The B students of the School of Wedding Cake Decorating, however, will be called upon mightily to maintain the cake-eating status of Zion, and events such as the Canyon Creek Falls Vista View Second Ward Cake Festival will continue as long as wedding receptions continue. One would assume for such to be until the end of time as we know it, but that's probably what people though about missionary farewell  celebrations, which have since been determined to be null , void, and the work of Lucifer himself

Anyway, my cousin Lucy warned me that any serious effort on my part would be not just a waste of my time, but a serious embarrassment as well. Imagine being the girl with the obviously best-decorated cake, only to have one's cake passed over in favor of the least-decorated cake in the contest, decorated by the most fully-endowed (and we're not talking LDS temple endowments here; these are Mia Maids, of which I write, fourteen- and fifteen-year-old girls who only in Warren Jeffs' realm would allowed into temples for more than just baptisms for the dead; endowed = gumdrop giftedness) Mia Maid in the ward.

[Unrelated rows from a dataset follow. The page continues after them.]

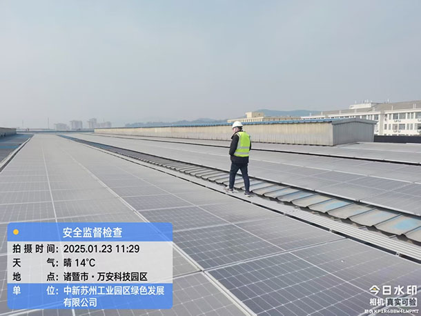項(xiàng)目點(diǎn)多、面廣是分布式光伏發(fā)電行業(yè)的特點(diǎn),中新綠發(fā)將綠色發(fā)電業(yè)務(wù)板塊的光伏電站建設(shè)、運(yùn)營(yíng)作為檢查重點(diǎn)。在中新綠能開展安全自檢、抽檢和互檢的基礎(chǔ)上,中新綠發(fā)、中新綠能安全監(jiān)管條線聯(lián)合抽檢了江蘇、浙江等多地的光伏電站,推進(jìn)落實(shí)隱患整改,確保電站安全運(yùn)營(yíng)。冬季以來,中新綠能還組織專業(yè)人員對(duì)山東、河南、河北、安徽等冬季下雪量較大區(qū)域的28個(gè)電站開展了屋頂結(jié)構(gòu)安全隱患排查,防患未然。
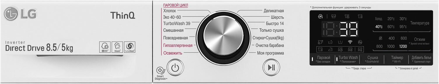 Spin speed selection, washing temperature selection, intelligent washing control, balance control, foam level control, delayed start, wash end signal
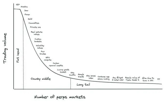 正如Ventuals创始人Alvin Hsia所描述的,“肥头(Fat Head)”由传统金融已经覆盖的资产类别组成(指数产品、外汇、大宗商品);“厚中段(Chunky Middle)”包括筹得股权、现实世界数据集和大宗商品指数;而“长尾(Long Tail)”则延伸到利基信号,如局部房地产价格、产品溢价或文化趋势指数。传统金融无法轻易将这些数据点商品化,但链上结算系统可以。HIP-3实际上开启了需求驱动的市场创建模式。
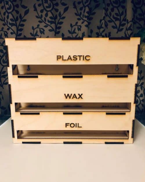 Organize all your sandwich and storage wraps with this Wooden Kitchen Plastic Wrap Organizer! This allows for most standard size rolls.
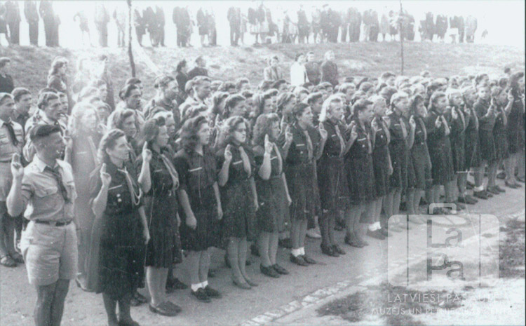 Gaidas formastērpos nostājušās ar paceltu labo roku svinīgā brīdī Hohfeldes nometnē Augsburgā (amerikāņu zonā). Aizmugurē uz zemes vaļņa redzami skatītāji.
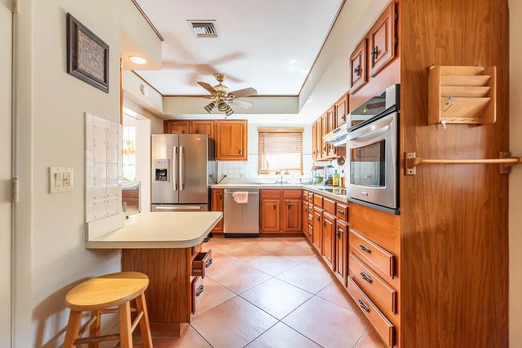 Discover the perfect blend of charm, style, and convenience in this stunning rental home, located in a non-HOA community just minutes from the Intracoastal and beautiful beaches. Set in a quiet neighborhood with unique character, this meticulously cared-for home features beautifully tiled living areas, 3 bedrooms with warm wood flooring. The spacious Florida room is fitted with hurricane-impact windows, and the family room comes complete with built-in shelving. This home boasts a gorgeous in-ground pool surrounded by brick pavers, tropical landscaping, and ambient lighting. With easy access to highways, shopping, and dining, this residence offers both peaceful living and unbeatable convenience.

It would have been difficult for me to decorate a genuinely attractive cake, anyway, even had I tried.  I have no skills to speak of whatsoever in the domain of visual arts.  I've never once drawn anything that anyone could correctly guess in the game of  Pictionary.  My coloring projects and maps were always the ugliest ones in my class except for the years my twin brother and I were in the same class, in which case the two of us consistently tied for the ugliest colorings, drawings, and maps. It stands to reason that a person who can't successfully manipulate a crayon  would yield similar or even worse results with cake-decorating tools.  The only art activity in which my finished products even vaguely resembled those of my classmates was when we finger-painted, and why ruin a perfectly edible cake by making it look like  salmonella personified?

My aunt, who was in charge of the cake festival,  would not allow me to leave her  kitchen until my cake had something beyond a simple frosting topping. I used one of those squeezy things to scrawl the first fundamental theorem of calculus in chocolate frosting upon the white buttercream surface of my quarter-sheet cake.  

Mission was accomplished: I did not call attention to myself as obviously having the least impressive tidbits among the Mia Maids in the ward by having a beautiful cake passed over in favor of something totally non-decorated and submitted by the Bon Bon Queen of The Mia Maids.

1 comment:

  1. Wow. I must have gone to a way-progressive ward back then. Or a clueless one. Imagine the horror if instead of "barf on a rainy day," the 13 year olds had produced something bakery worthy. Oh the Bobby Flay of it all!

    Too funny about the girl with the largest breasts winning the contest--even without entering a cake. Of course all this talk about gender roles, breasts and frosting has me thinking about those ridiculous "licked cupcake" analogies the Mormons apply to girls who let the boys go a little too far.

    None of this has any basis in logic, making the calculus theorem you wrote out with the squeezy thing even more ironic.